• [To do] The reply must contain exactly the lines below from the one with "Black stone washed" down to the one with "發(fā)證時(shí)間 : | 2017-08-18 |", both included, and nothing more; please omit the pictures.
+++ Exercise inputs
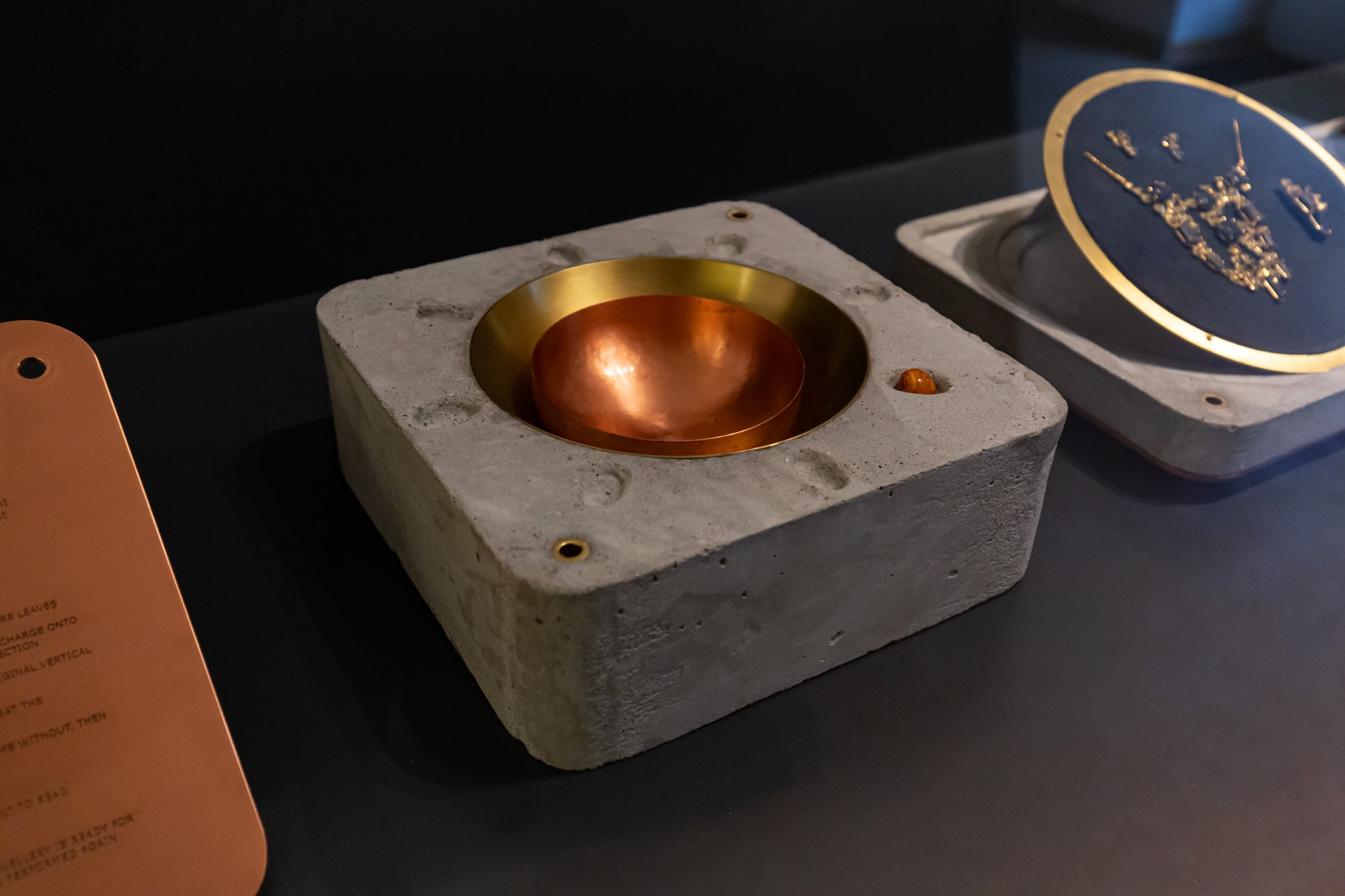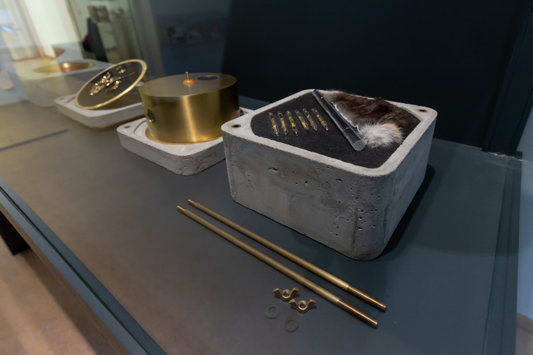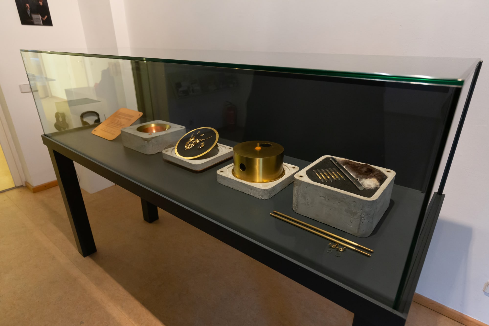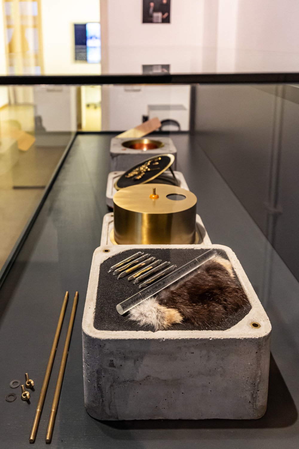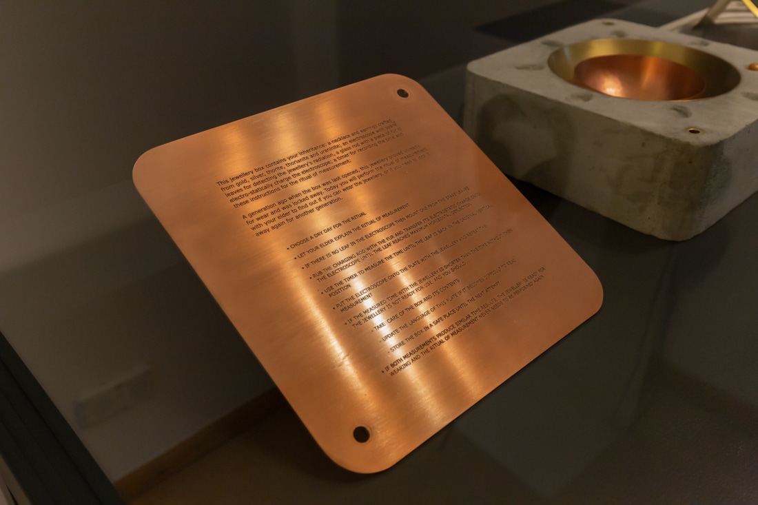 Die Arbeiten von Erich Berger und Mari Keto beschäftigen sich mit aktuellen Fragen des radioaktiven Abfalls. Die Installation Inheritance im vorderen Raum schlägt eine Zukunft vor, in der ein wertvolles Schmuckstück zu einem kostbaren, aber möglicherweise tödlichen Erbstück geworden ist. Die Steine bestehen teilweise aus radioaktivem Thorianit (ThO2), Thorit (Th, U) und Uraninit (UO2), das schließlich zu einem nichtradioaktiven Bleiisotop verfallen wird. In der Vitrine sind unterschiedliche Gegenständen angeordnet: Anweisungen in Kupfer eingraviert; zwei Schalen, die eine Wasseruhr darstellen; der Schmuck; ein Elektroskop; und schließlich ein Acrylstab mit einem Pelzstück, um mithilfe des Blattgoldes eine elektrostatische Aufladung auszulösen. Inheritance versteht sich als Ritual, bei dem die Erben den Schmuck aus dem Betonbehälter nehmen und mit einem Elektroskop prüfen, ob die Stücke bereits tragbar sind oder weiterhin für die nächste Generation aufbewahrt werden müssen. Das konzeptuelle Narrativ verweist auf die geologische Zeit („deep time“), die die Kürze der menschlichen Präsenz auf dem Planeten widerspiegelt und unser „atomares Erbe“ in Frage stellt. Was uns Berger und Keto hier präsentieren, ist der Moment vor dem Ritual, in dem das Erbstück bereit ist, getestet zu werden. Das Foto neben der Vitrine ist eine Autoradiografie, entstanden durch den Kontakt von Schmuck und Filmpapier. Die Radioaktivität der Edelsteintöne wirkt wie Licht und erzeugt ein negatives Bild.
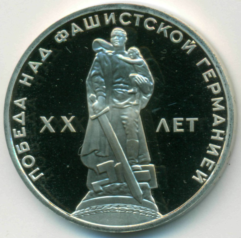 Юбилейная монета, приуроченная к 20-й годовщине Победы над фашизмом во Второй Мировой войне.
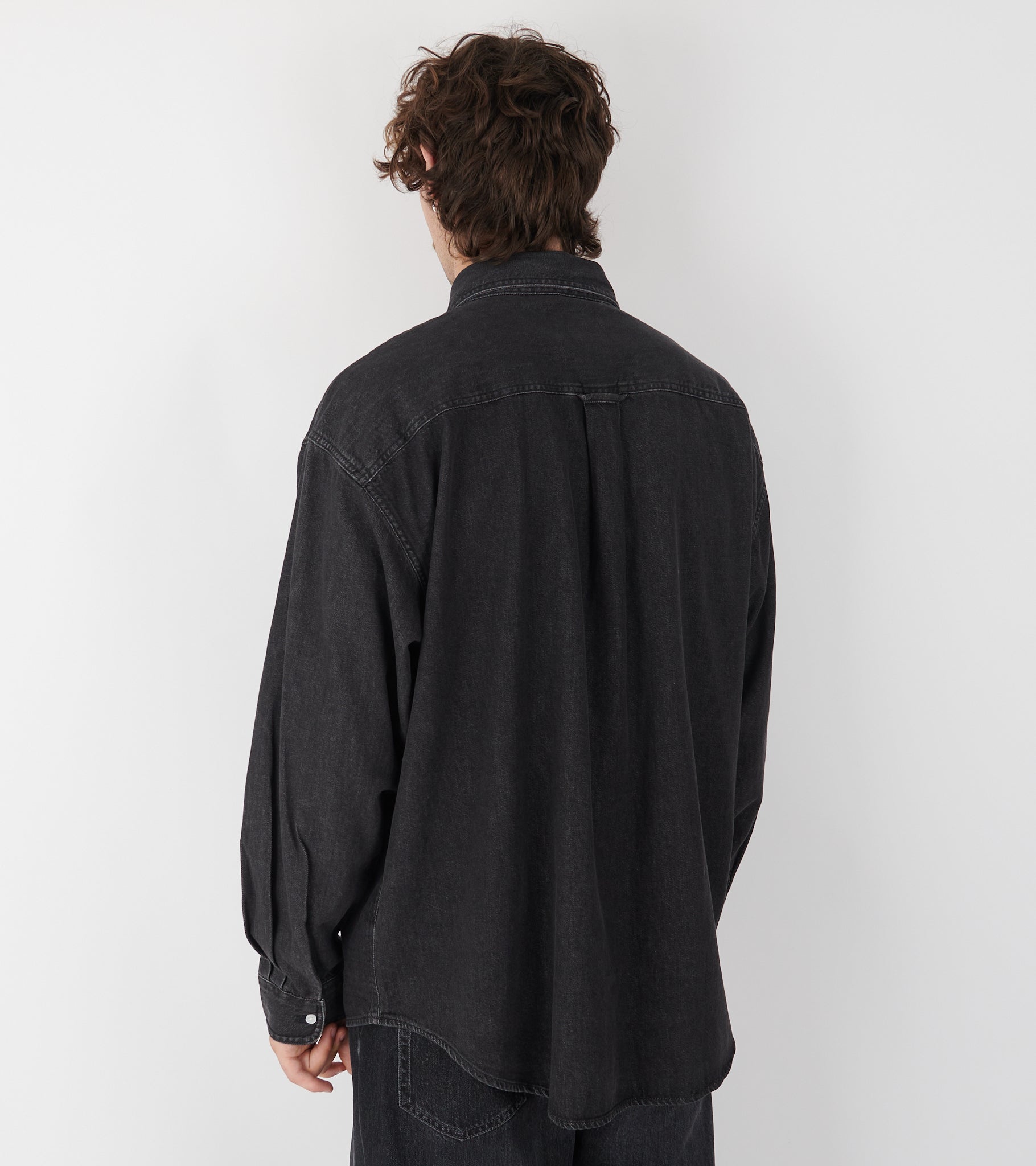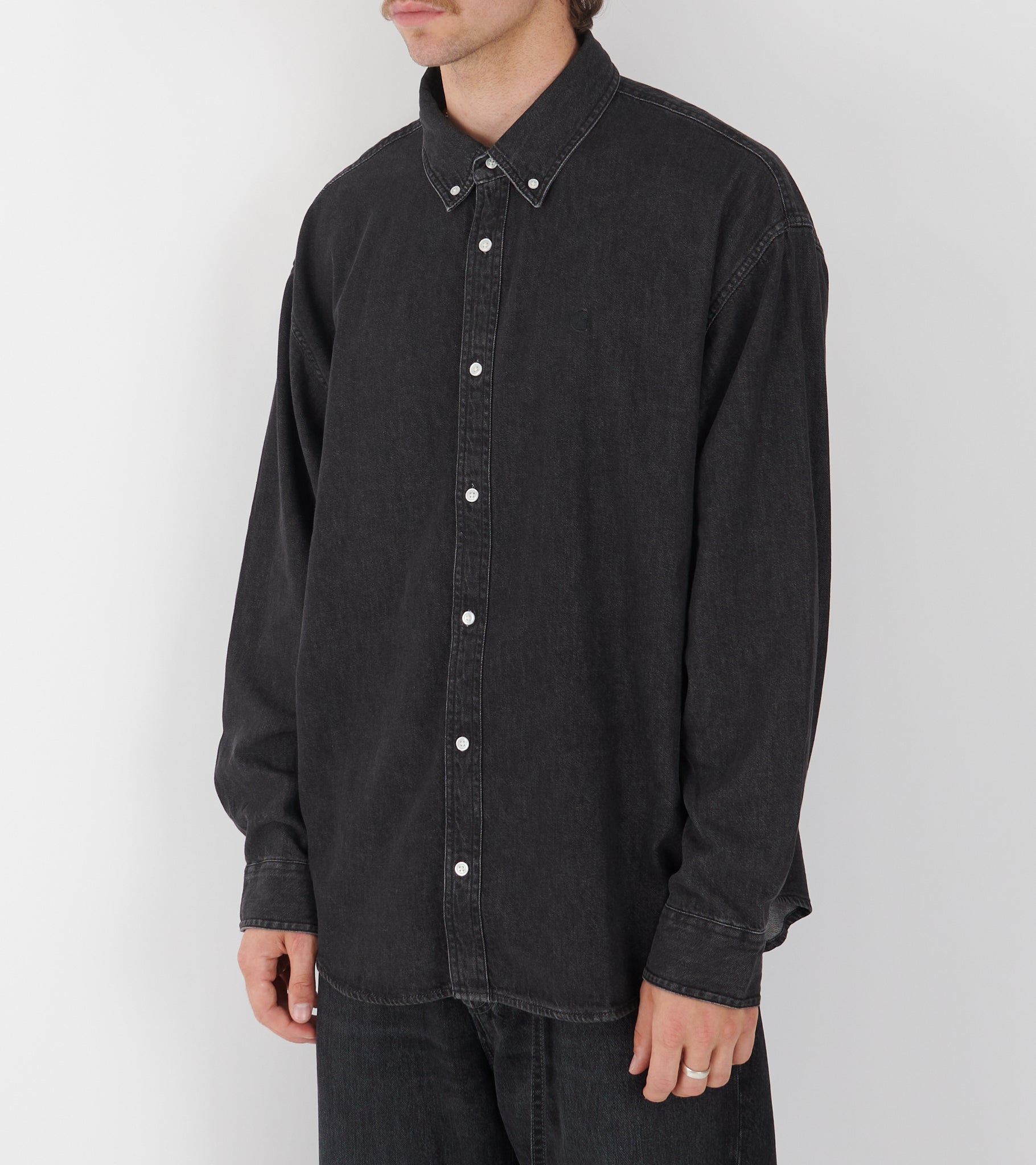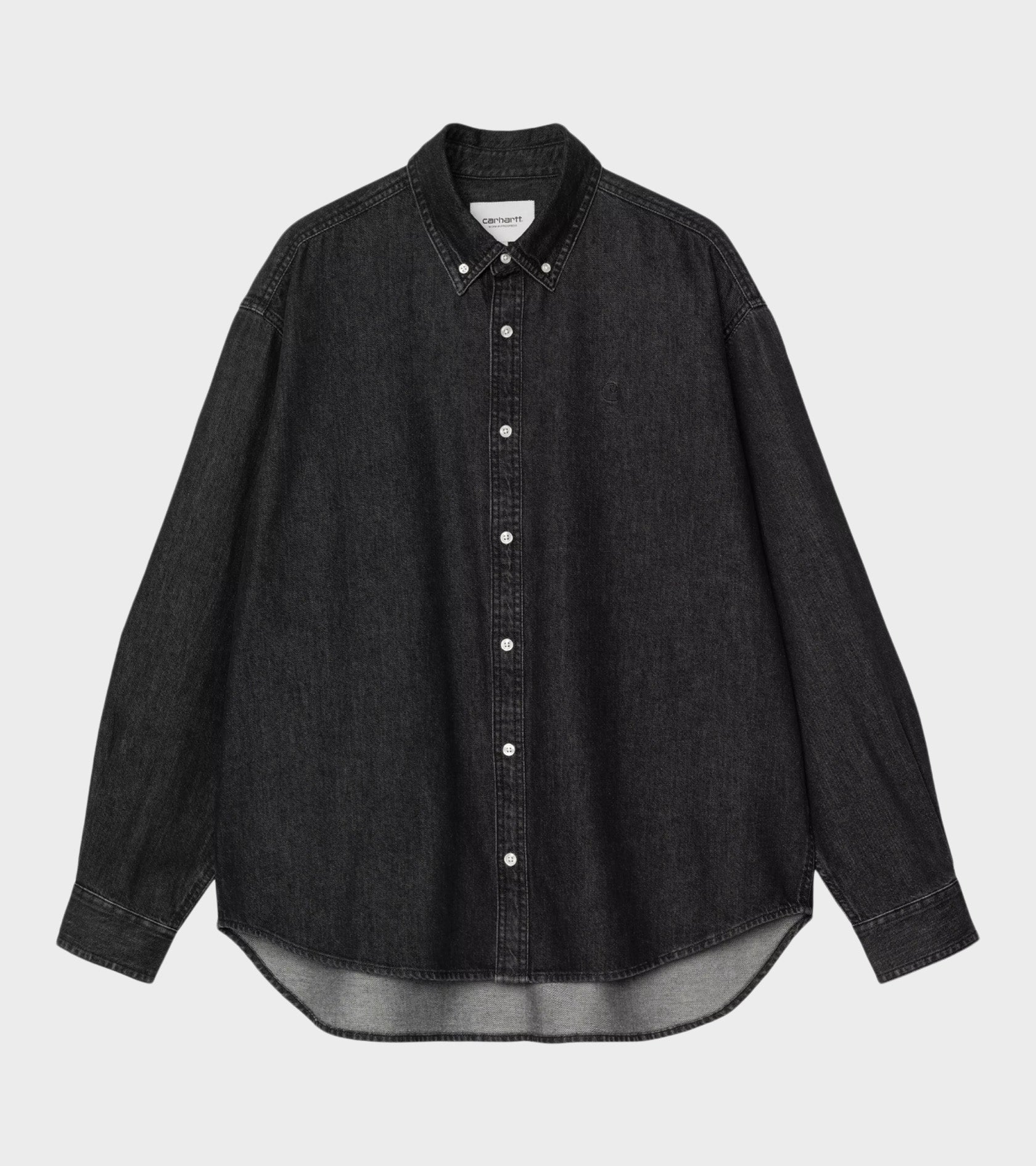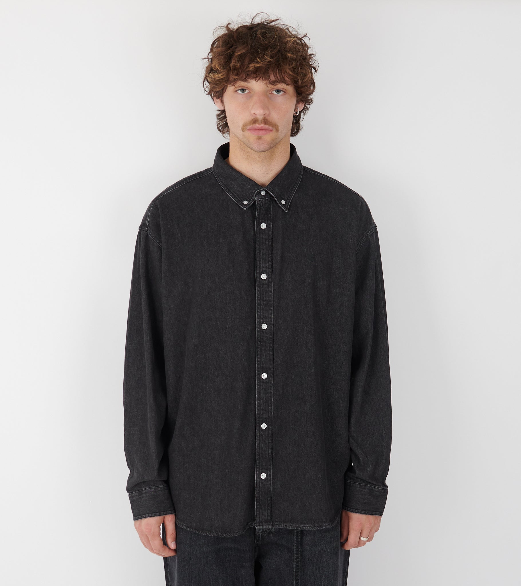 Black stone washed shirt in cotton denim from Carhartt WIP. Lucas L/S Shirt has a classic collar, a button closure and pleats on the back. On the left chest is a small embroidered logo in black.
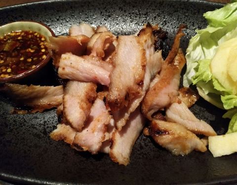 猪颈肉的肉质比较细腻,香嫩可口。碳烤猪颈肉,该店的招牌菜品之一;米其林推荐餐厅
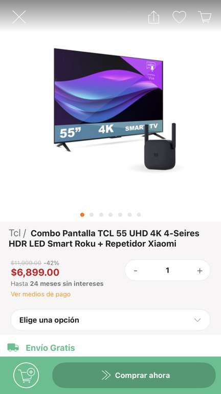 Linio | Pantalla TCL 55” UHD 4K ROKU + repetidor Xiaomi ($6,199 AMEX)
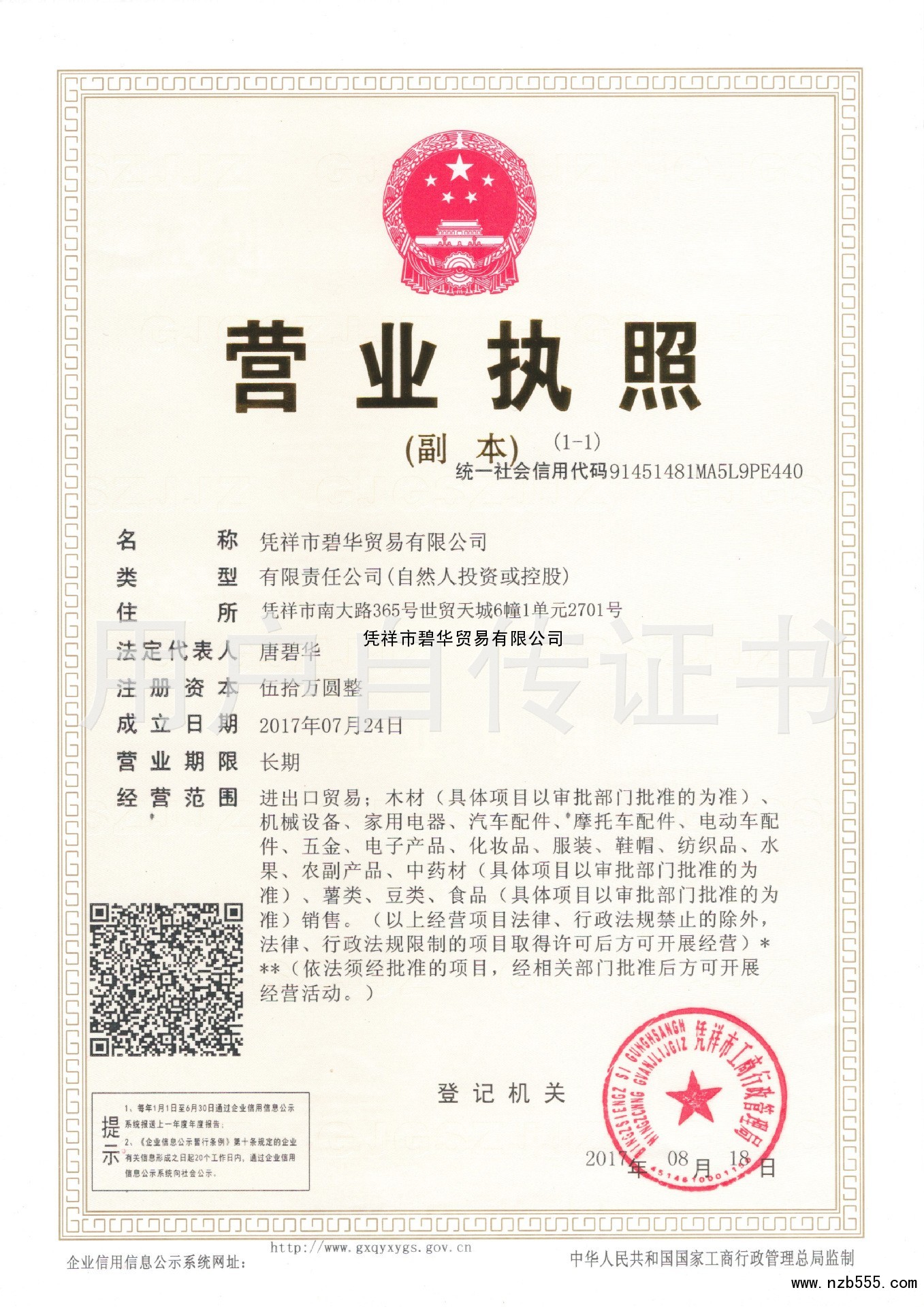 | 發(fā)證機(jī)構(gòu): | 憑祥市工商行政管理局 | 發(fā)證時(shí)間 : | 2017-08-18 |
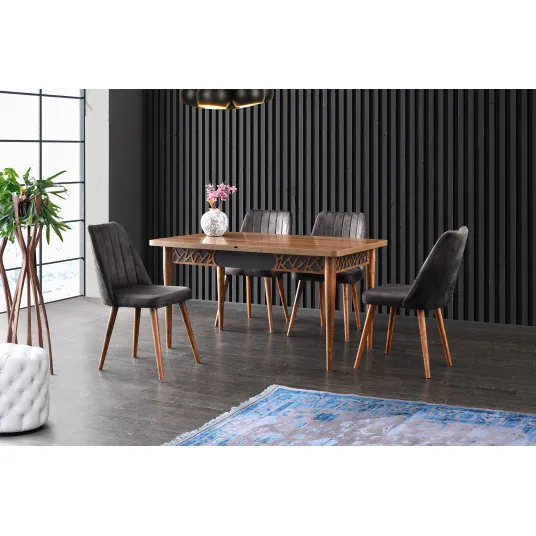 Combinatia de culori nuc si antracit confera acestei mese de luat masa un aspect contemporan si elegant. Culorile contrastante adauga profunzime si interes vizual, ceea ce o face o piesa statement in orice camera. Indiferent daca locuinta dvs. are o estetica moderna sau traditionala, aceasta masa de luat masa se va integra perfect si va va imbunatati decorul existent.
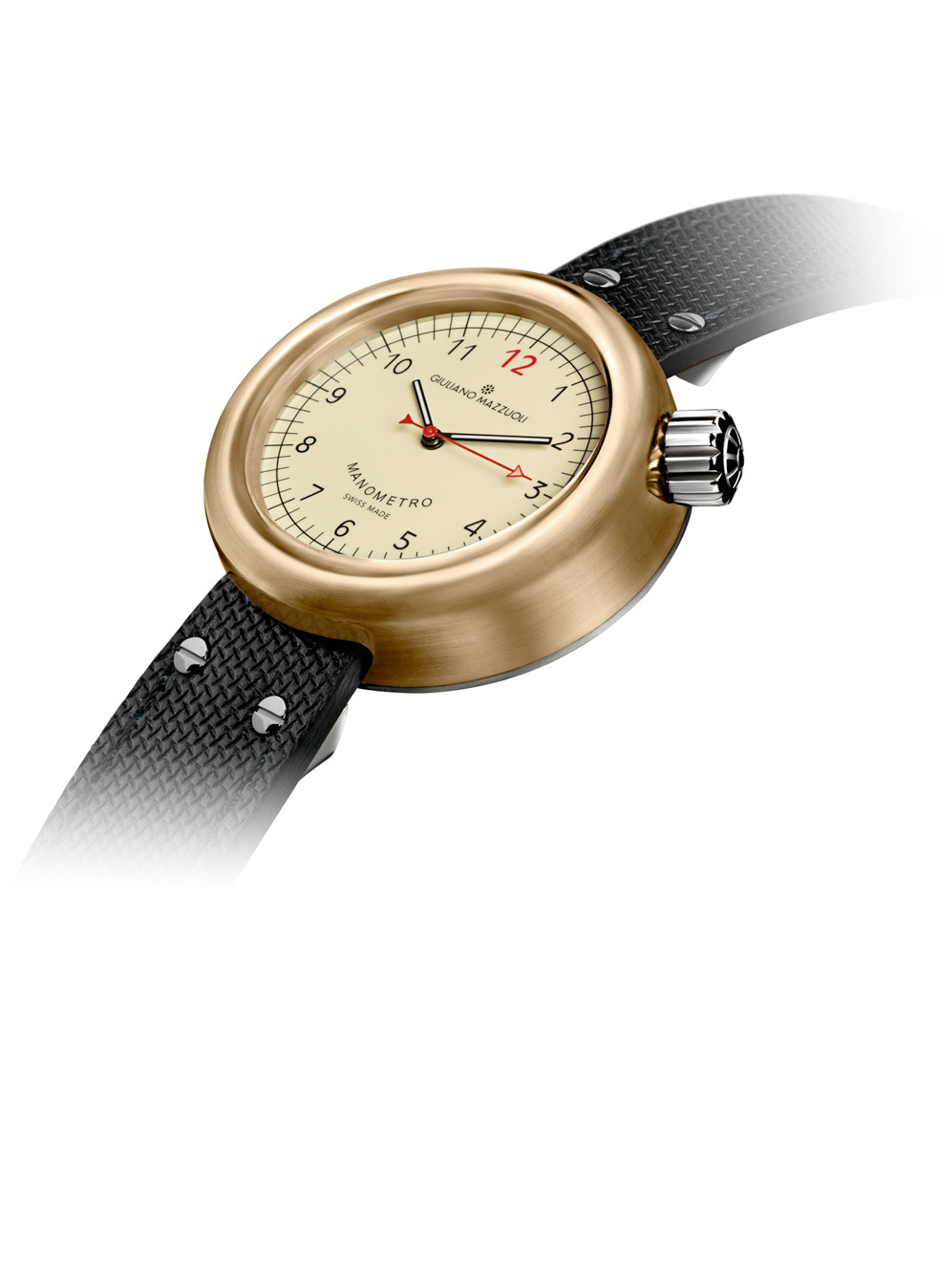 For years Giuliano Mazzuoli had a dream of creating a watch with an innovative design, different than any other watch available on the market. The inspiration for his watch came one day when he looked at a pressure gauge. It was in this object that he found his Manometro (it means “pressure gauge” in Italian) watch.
++++++
• [Output for this exercise]
 Black stone washed shirt in cotton denim from Carhartt WIP. Lucas L/S Shirt has a classic collar, a button closure and pleats on the back. On the left chest is a small embroidered logo in black.
 猪颈肉的肉质比较细腻,香嫩可口。碳烤猪颈肉,该店的招牌菜品之一;米其林推荐餐厅
 Linio | Pantalla TCL 55” UHD 4K ROKU + repetidor Xiaomi ($6,199 AMEX)
 | 發(fā)證機(jī)構(gòu): | 憑祥市工商行政管理局 | 發(fā)證時(shí)間 : | 2017-08-18 |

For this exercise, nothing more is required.